A spot fire started behind the house. They rushed toward it before stopping short. They would have to drag hoses across a long stretch of burning ground, and dared not risk it.
The above is excerpted from an article that appeared recently in the Los Angeles Times. It compares the way wildfires are handled in Australia versus the United States. A compelling read, especially if you live in a fire-prone area.

Thanks to Pete S for the lead!

Photo: Brian Vander Brug / Los Angeles Times

Sunday, August 3

The sun’s beauty


Hoping you don’t think I’m a total astro-nut, here is another shot of something you should see. There was a total eclipse of the sun Friday. An amateur astronomer in Russia took several exposures and made this composite of the moon in front of the sun. Here’s the report:
The sun's wispy, dancing, mysteriously-hot outer atmosphere is one of the prettiest sights in the heavens. The trick is seeing it. Under normal circumstances, blinding sunlight hides the corona from sensitive human eyes. Last Friday, however, was not normal.

Hartwig Luethen took the picture on August 1st when the Moon passed directly in front of the sun, briefly revealing the corona for all to see. To photograph the eclipse, Luethen stationed himself in Kochenovo, west of Novosibirsk, Russia, deep inside the path of totality. “I used a Canon 350D to make 24 exposures varying in length from 1/500 to 2 seconds.” The resulting composite shows the ghostly corona, a magnetic prominence surging over the lunar limb, and the Earthlit surface of the Moon itself.
You can find things like this for yourself every day at http://www.spaceweather.com
That’s where this comes from.

Jewel box

You APOD readers have seen this. You who aren’t APOD readers, copy this to your bookmark file: http://antwrp.gsfc.nasa.gov/apod/astropix.html

The above they call Open Cluster NGC 290, a jewel box. It’s an open cluster of stars; the picture was taken with the good old Hubble Space Telescope, probably the best bang-for-your-buck NASA ever did besides the Apollo moon landings.

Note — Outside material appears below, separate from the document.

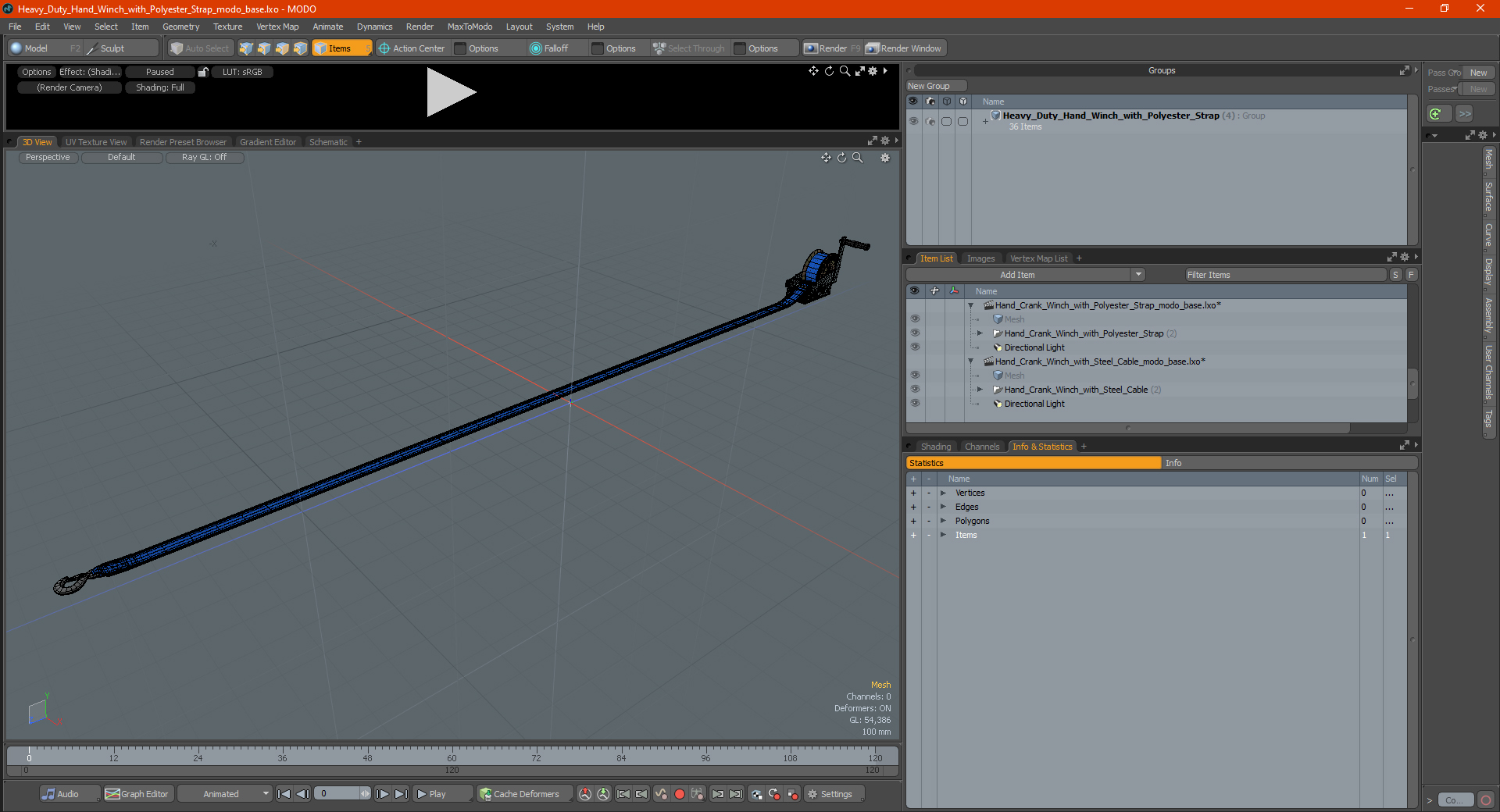 Heavy Duty Hand Winch with Polyester Strap is a high quality, photo real 3d model that will enhance detail and realism to any of your rendering projects. The model has a fully textured, detailed design that allows for close-up renders, and was originally modeled in 3ds Max 2020 and rendered with V-Ray. Renders have no postprocessing!
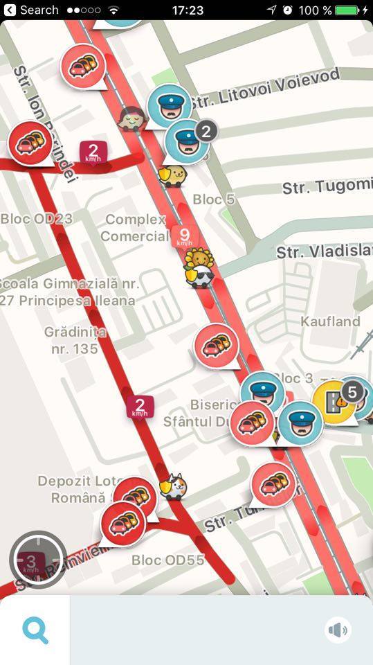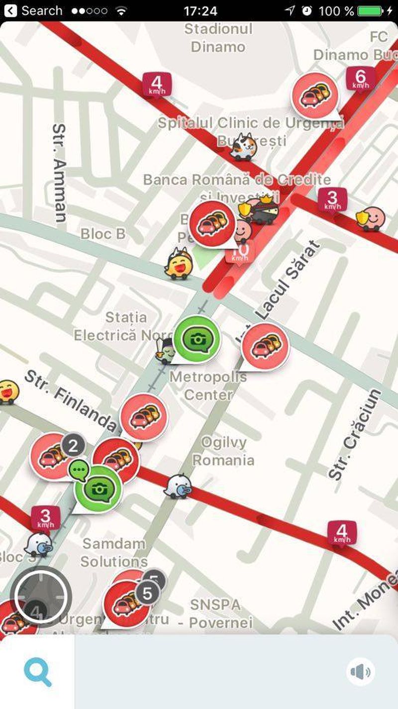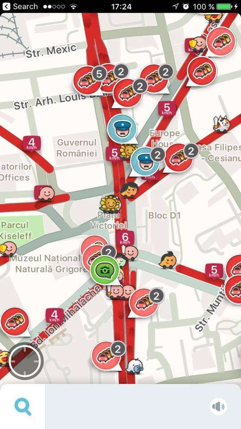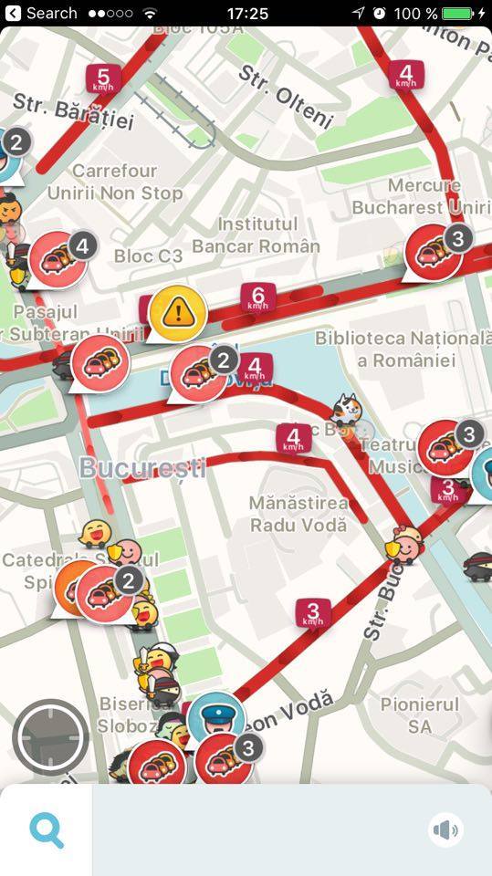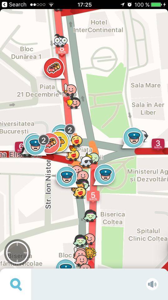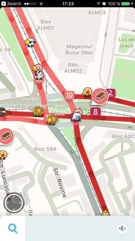 Waze s-a inrosit! Soferii au semnalat pe aplicatie zeci de ambuteiaje, dupa cum se vede si in imagini.

Photo Credit: ESA & NASA; Acknowledgement: E. Olszewski (U. Arizona)

Saturday, August 2

497 and counting…


Running out of PlastiKoils brought an end to finishing off almost 500 books; there are 87 that need the coils spun on to finish the binding. Plus there appears to be maybe another hundred books that haven’t been collated; they’re just boxes of pages. There are enough covers to put maybe three or four covers on each book, front and back, which would make the book thicker and give it more impressive heft, but that would probably be stupid.

I should figure out what to do with over a million little round pieces of paper that were punched out to bind the books. The pieces from about 25 books is shown above, a tiny pile. I could compost them. Or use them as cat litter. I could celebrate the finishing of the books by tossing them in the air as confetti. Then clean up the mess with the new robotic vacuum. The possibilities are positively thrilling!

Friday, August 1

The latest Toyota

Toyota bought Sony’s robot division and has presented a new way to get around (if you don’t count Dean Kamen’s Segway). They call it the Winglet, and it does a lot of what the Segway does, but a lot slower. Presumably a lot cheaper, too?



The Segway will travel at 12.5 mph (20 kph); the Winglet only goes 3.7 (6). I have a question: On the smaller unit, what are you supposed to do with your hands? At least the demonstrator could be playing a trumpet or something. Or text messaging. Or, in the US, eating a hamburger and fries.